Per quanto leggiamo che il vino non è assolutamente per i monaci, pure, siccome non
è possibile persuaderne i monaci, acconsentiamo che almeno non si beva fino a
sazietà, ma con moderazione.
(S. Benedetto, La regola, edizione S. Paolo 2009)
I ricettari medievali
Il ricettario di cucina manoscritto può essere a forma di rotolo o come un moderno
volume di cucina. Un esempio del primo caso è la più antica versione del libro
chiamato Viander, datato alla fine del Duecento e di provenienza francese.

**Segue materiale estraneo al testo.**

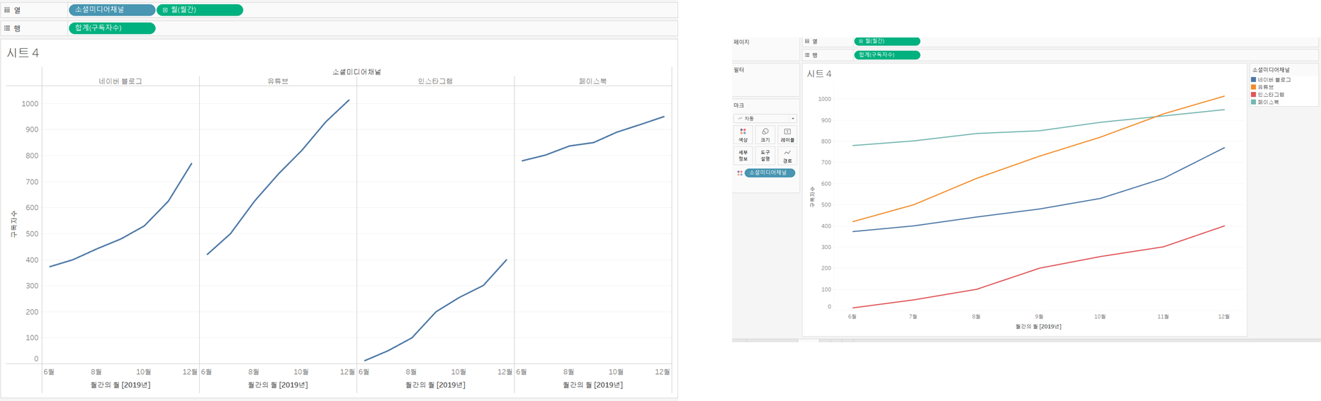 -[소셜 미디어 채널] 필드를 색상 카드에 배치해서 4개의 분류가 하나의 뷰에 그려지도록 설정

Per quanto riguarda i manoscritti italiani, invece, compaiono alla fine del medioevo,
tra il XIV e il XV secolo.
Degli inizi del Trecento è il Liber de coquina, redatto probabilmente alla corte angioina
di Napoli, scritto in latino, da cui poi derivarono altre traduzioni in lingua volgare. E’
stato utilizzato non solo in Italia ma anche in Francia e Germania.
Della seconda metà del Quattrocento è invece l’opera del Maestro Martino: il Libro de
arte coquinaria, scritto in lingua volgare. Questo importante personaggio ha lavorato
a Milano alla corte di Francesco Sforza e a Roma alla corte pontificia dove è stato
“cuoco segreto”, cioè personale, dei papi Paolo II e Sisto IV. Questo libro è molto
chiaro, le ricette sono raccontate in tutte le fasi. Crea molte ricette nuove e con lui
nascono anche parole che poi saranno di largo uso, come polpetta e frittella.
Di diverso scopo ma comunque molto importanti sono invece i Tacuina sanitatis, dei
quali troviamo in museo la rappresentazione pittorica di tre episodi.
10
Tacuinum sanitatis:
(Verona, palazzo dei Tribunali; pitture murali staccate)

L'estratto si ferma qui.